INPUT DATA below:

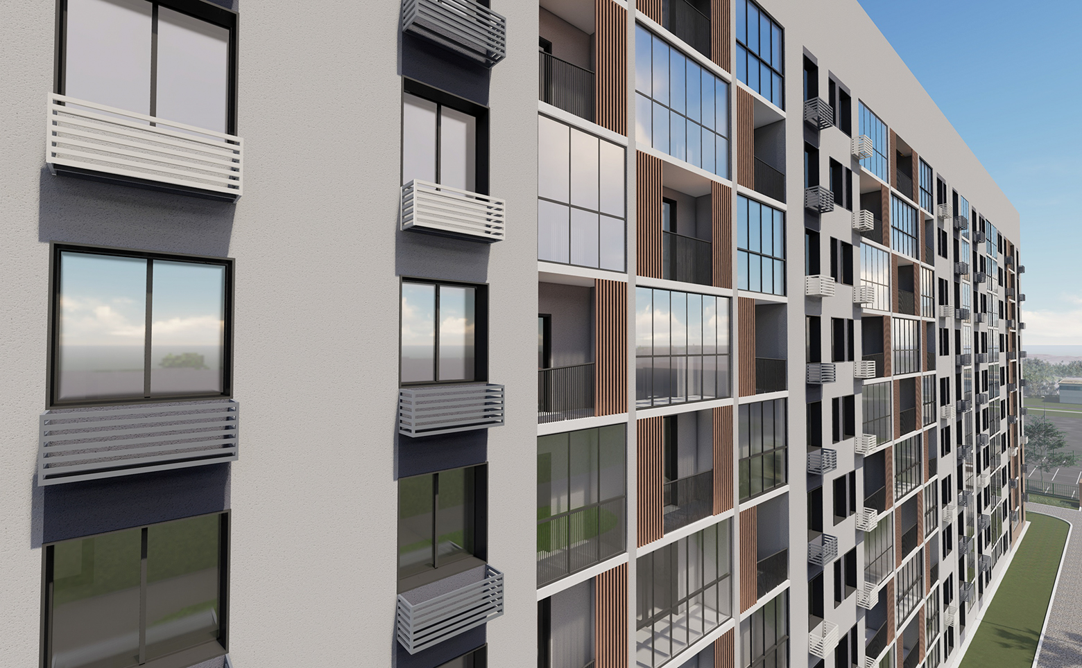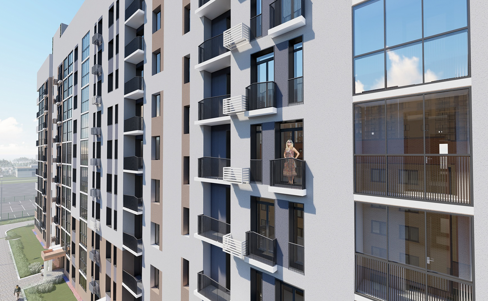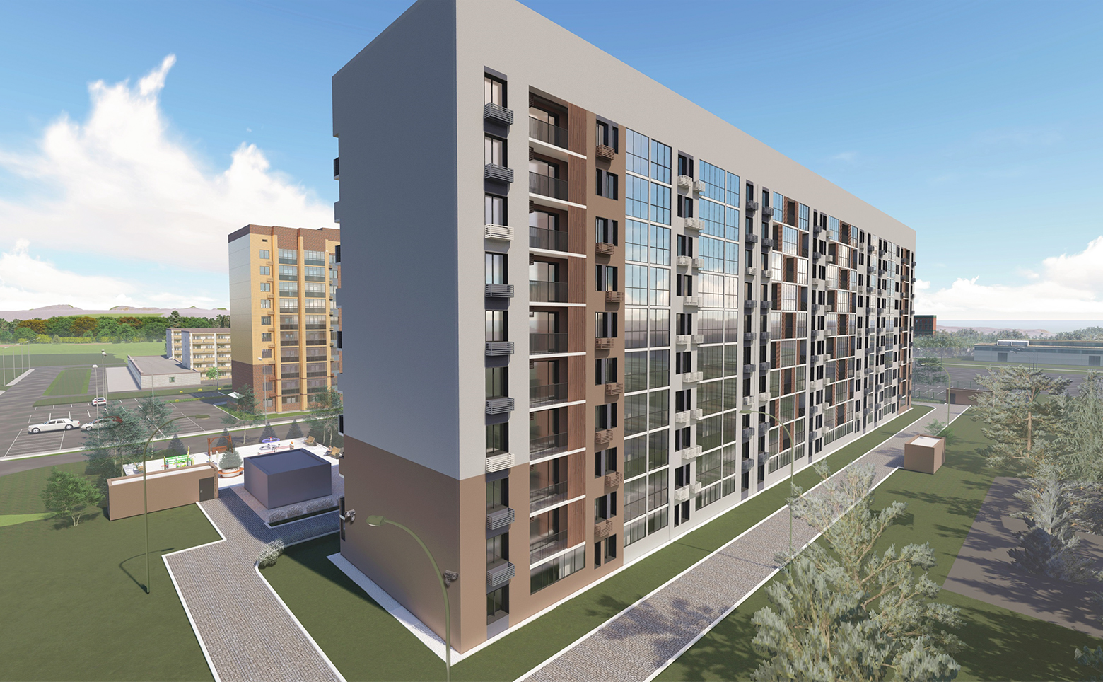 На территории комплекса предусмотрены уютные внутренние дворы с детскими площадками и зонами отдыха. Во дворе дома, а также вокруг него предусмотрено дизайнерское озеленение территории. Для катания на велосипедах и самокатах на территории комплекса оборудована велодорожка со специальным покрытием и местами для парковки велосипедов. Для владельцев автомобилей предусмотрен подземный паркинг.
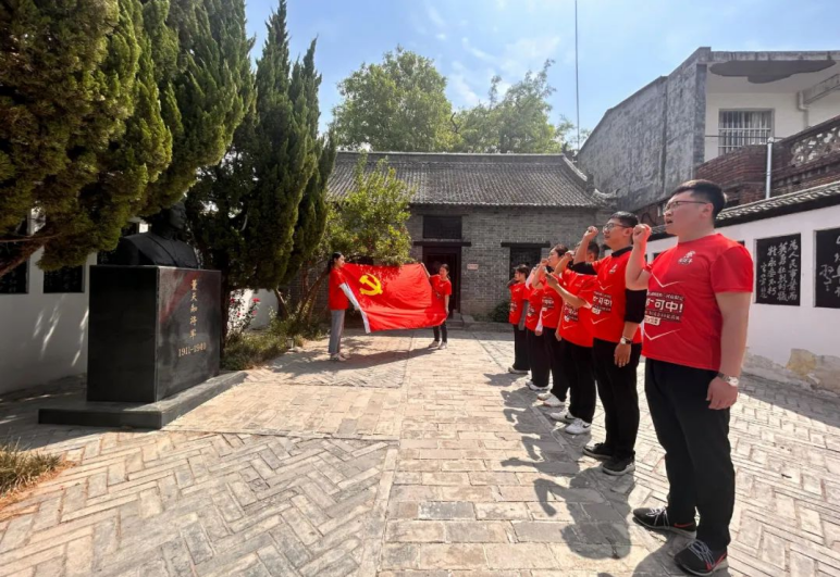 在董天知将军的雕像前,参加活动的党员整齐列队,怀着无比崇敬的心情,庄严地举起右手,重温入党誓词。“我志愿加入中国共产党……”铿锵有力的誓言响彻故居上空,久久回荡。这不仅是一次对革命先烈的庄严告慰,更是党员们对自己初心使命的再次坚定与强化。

End of INPUT DATA.
INPUT DATA below:

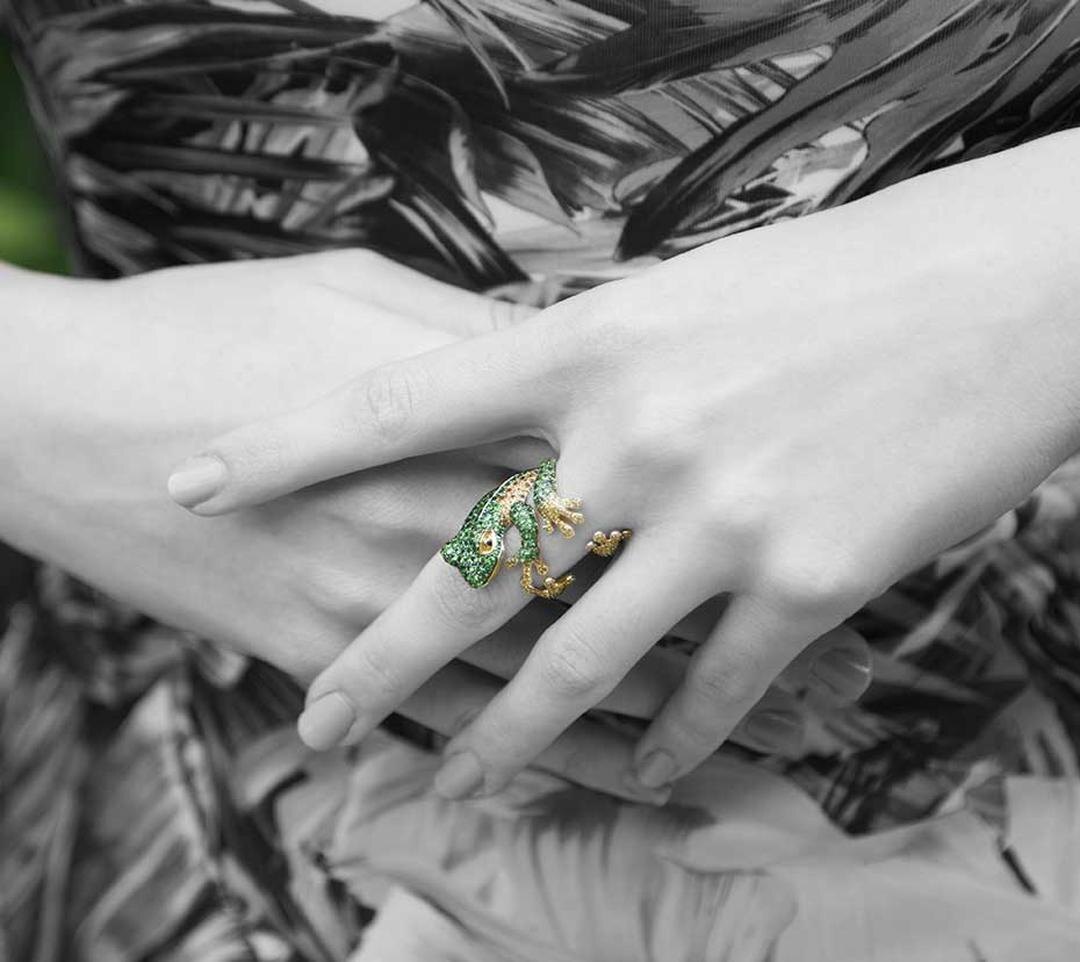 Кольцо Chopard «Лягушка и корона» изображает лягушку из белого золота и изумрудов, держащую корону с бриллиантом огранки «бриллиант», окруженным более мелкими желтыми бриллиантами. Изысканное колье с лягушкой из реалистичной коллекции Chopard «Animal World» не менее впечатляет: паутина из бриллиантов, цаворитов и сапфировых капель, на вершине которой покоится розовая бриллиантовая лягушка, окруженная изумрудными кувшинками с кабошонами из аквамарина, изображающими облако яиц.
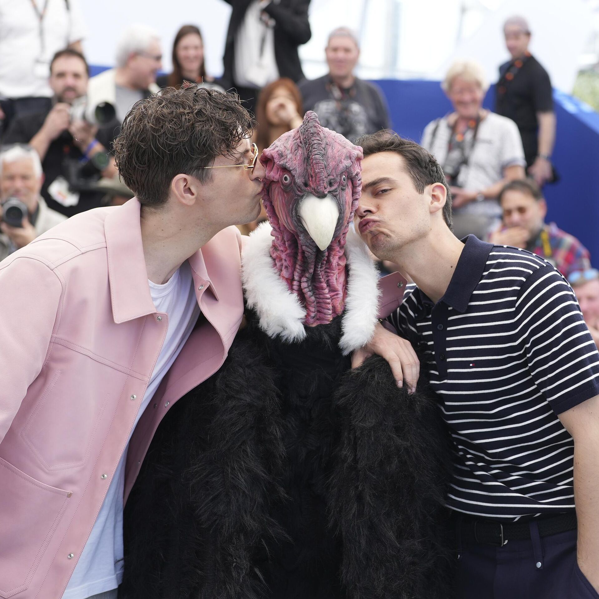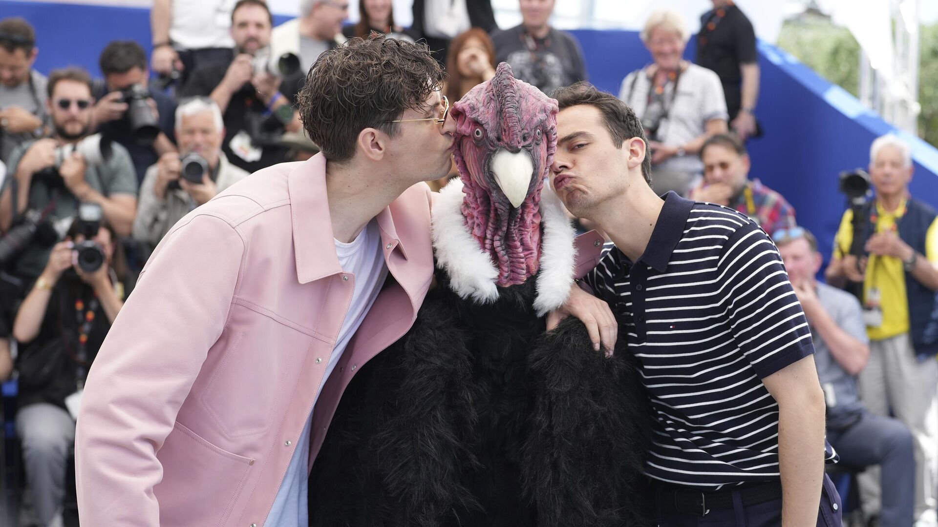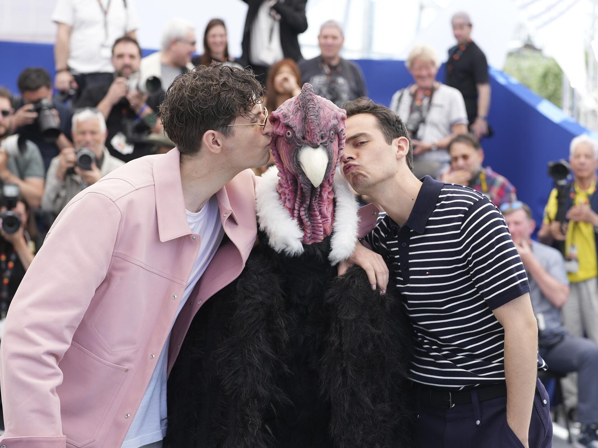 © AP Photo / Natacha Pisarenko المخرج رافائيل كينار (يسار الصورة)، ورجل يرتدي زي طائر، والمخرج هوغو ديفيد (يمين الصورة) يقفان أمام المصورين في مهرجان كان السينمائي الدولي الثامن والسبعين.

End of INPUT DATA.

Going by the entries above, repeat exactly the lines that start at the line with "На территории комплекса предусмотрены" and go on through the line with "在董天知将军的雕像前,参加活". Pictures are not part of the copy.

 На территории комплекса предусмотрены уютные внутренние дворы с детскими площадками и зонами отдыха. Во дворе дома, а также вокруг него предусмотрено дизайнерское озеленение территории. Для катания на велосипедах и самокатах на территории комплекса оборудована велодорожка со специальным покрытием и местами для парковки велосипедов. Для владельцев автомобилей предусмотрен подземный паркинг.
 在董天知将军的雕像前,参加活动的党员整齐列队,怀着无比崇敬的心情,庄严地举起右手,重温入党誓词。“我志愿加入中国共产党……”铿锵有力的誓言响彻故居上空,久久回荡。这不仅是一次对革命先烈的庄严告慰,更是党员们对自己初心使命的再次坚定与强化。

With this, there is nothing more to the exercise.